Hundreds of rioters were arrested and many drew prison sentences. Workers were blamed but records do not show where those arrested worked. There were rumors of foreign agents and union instigators, none proven. A fascinating detail was that the grand jury that returned indictments against the rioters also indicted heads of the major steel companies (the strike involved not just Youngstown Sheet and Tube, but U.S. Steel, Brier Hill, and Republic Steel).

What led to this outbreak? The strike, which began on December 27, 1915 was over wages. Despite a thriving economy with wartime manufacturing, wages had been cut 9 percent the previous year and unskilled labor earned just 19.5 cents per hour. Growth of the industry had led to crowded housing, and these costs and the cost of living left most families earning less than it cost to live. The workers had asked for a wage of 25 cents an hour, time and a half overtime, and double overtime for Sundays.

The irony? Hours before, company leaders had announced a wage increase to 22 cents an hour, which went into effect after the riots. But other changes followed. Youngstown Sheet and Tube helped rebuild East Youngstown and built better worker housing that included electricity and indoor plumbing when outdoor facilities were the norm. The village was eventually renamed Campbell after James A. Campbell, chairman of Youngstown Sheet and Tube.
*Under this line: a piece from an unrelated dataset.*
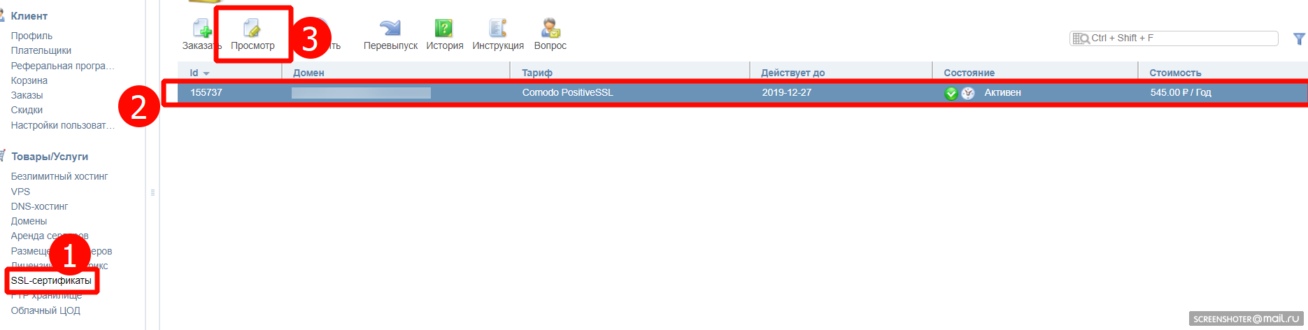 (не путать с биллингом/личным кабинетом который находится по адресу https://cp.smartape.ru/billmgr?lang=ru) и нажать в левом меню пункт «SSL-сертификаты»

Not all was sweetness and light. Wages rose and fell with the economy but did not progress over the next twenty years. Another violent confrontation occurred twenty-one years later in the “Little Steel Strike” of 1936-37. Artist William Gropper visited Youngstown during the strike and published sketches and an article in The Nation. He painted Youngstown Strike during this time, but what it depicted was the events of 1916. The painting is part of the collection at the Butler.

To write of these strikes is to write of events from another time before my own. Strikes during my growing up years did not have the violence of these early confrontations. Mostly, it was an unexpected vacation at first, and increasing belt tightening when unions and management couldn’t reach settlements. Guys made ends meet by painting houses and other handyman work. Until Black Monday.

We are unquestionably in a different time. Philosopher George Santayana famously said, “Those who cannot remember the past are condemned to repeat it.” The violence of 1916, inexcusable on all sides, reminds us of the consequences when there are tremendous disparities between wealth and poverty and hard working people cannot earn enough to live. It seems at least to some extent Youngstown Sheet and Tube learned that they had to make workers’ situations livable. Will today’s companies remember these lessons from the past? Or will they repeat them?